Tuesday 20 April 2010

Britain's got Chlamidia

Britain's got history. Britain's got an inescapable charm that makes tourists gloss over the chavs, late trains and cost of everything. And according to the Health Protection Agency, nearly 10% of Britain's got Chlamydia. But judging by the recurring nightmare of weekend TV, one thing I would be reluctant to say Britain has got, is talent. At this point I'd love to run through a list of the opening acts from last weekend; highlighting which ones shone, which ones burned the skin from my eardrums and which ones had suspiciously tear-jerking backstories. But the problem is, I just don't want to. I've seen enough Big Brothers, X-Factors and Fame Academies to realise that sitting down to watch another one would be like tracking down a previous mugger and offering him a hammer. And then telling him he's got gay shoes. All these shows do is highlight the reason we have celebrities, actors and rockstars instead of listening to the guy down the street with the guitar - your average, common or garden citizen is boring as shit. Actually I take that back - judging by a few episodes of CSI and Bones in which lumps of shit were used to extract vital forensic clues, shit is at least interesting enough to write an episode centering around it. Whereas judging by the steady stream of nonentities pouring out of reality TV these days, average people are the precise demographic the production companies fail to attract. After all, I often find myself sitting in a pub surrounded by tables full of normal people, and while I don't want to go over and engage them in idle chit chat, I don't want to punch them in the face until one of us starts bleeding either. Unless of course, they're one of those people. The ones who are either talking loudly about nothing or "amusing" their "friends" with their "wacky antics." In other words, your average reality TV participant.

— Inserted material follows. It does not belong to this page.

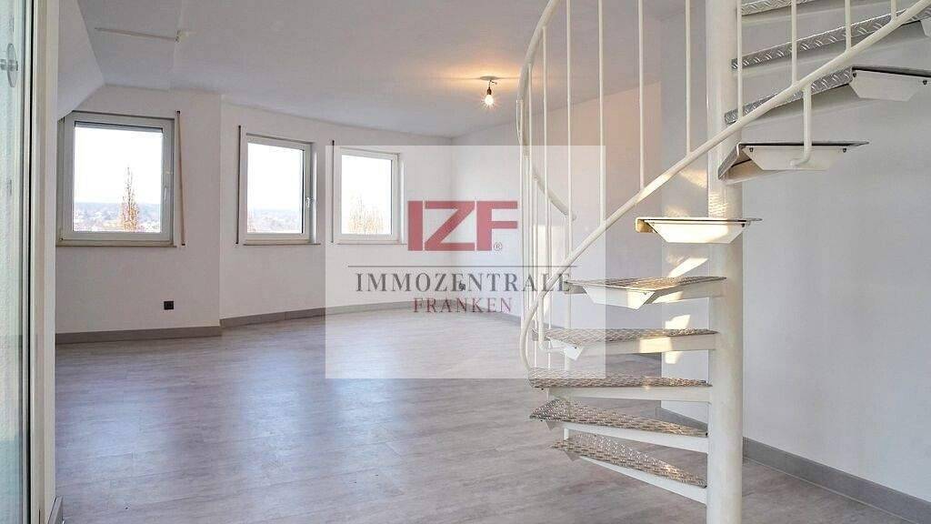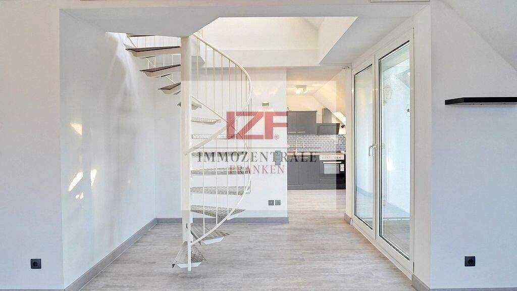 Der Zugang zur Wohnung erfolgt über das 2. Obergeschoss. Auf der unteren Ebene empfängt Sie eine einladende Diele mit Gäste-WC. Zudem stehen eine separate Einbauküche sowie ein großzügiger, lichtdurchfluteter Wohnbereich zur Verfügung. Von hier aus gelangen Sie auf die sonnige Ost-Dachloggia mit Weitblick über Oberasbach und Zirndorf - ein idealer Ort für entspannte Stunden im Freien.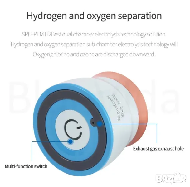 * 100% безопасен за пиене, чистотата на водорода достига 99,99%. Кислородът, хлорът и озонът се отделят и се изпускат от долното устройство за отвеждане на отпадните газове.

Admittedly, there's something voyeuristically satisfying about locking them all in together somewhere and watching them annoy each other instead of us, but without dropping weapons and exacerbating grafitti into the arena (as I dream of someday being able to call it), I just don't see the point. Anyway, you'll have to excuse me for now. There's a man with a hammer at my door again, nodding suggestively at the bloodstained meat-tenderiser in his fist.